Waiting for Clark Kent: What Waiting for Superman gets wrong

I think I was, officially, the last person in the education field in America to see "Waiting for 'Superman.' " Already, it feels a little dated - at least in my state (Rhode Island) where we've taken major steps at the state level to right some of the obvious wrongs in the education system: teachers who are not evaluated and who are guaranteed jobs for life regardless of performance. The film makes it very clear that bad teachers are harmful to students and that good teachers can advance student learning in any environment, regardless of poverty. There are a few things the film misses, however. First, it's obvious that poverty does present special challenges, which the film does not address at all. Second, the film finds a single cause for the dismal performance in American schools: teachers' unions. Yet the highest-performing states are the most heavily unionized, and the lowest-performing are nonunion states (mostly in the South). Management is as much at fault or more so. Third, the film builds a very nice drama by following 5 kids in their quest to get into charter schools by lottery, but this falsely leaves the impression that charters are the answer.
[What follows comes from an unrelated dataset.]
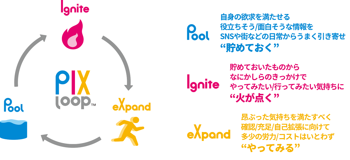 ちょうどその頃、メディア環境研究所が「情報引き寄せ」という概念を提唱したんです。スクショやフォローなどを通じて自分に有益な情報が自然とたまるようにするという、スマホ・ネイティブな世代の間で一般化している行動のことで、ここにこれからの情報行動の神髄があると思った。そこから、「情報引き寄せ」についてさらに我々の方で深掘りし、生まれたのが「PIXループ」です。

No doubt there should be more charters, but far more important - there should be more innovation in traditional public schools. The filmmakers simply write off traditional public schools as intractable, partly because Michelle Rhee couldn't move the needle in DC - which is mainly because she was so confrontational that ultimately she had no support or trust. Anyway, a provocative film but it falls victim to a short-sighted view of school reform and to a simplistic narrative arc that tells a good story but misses the mark.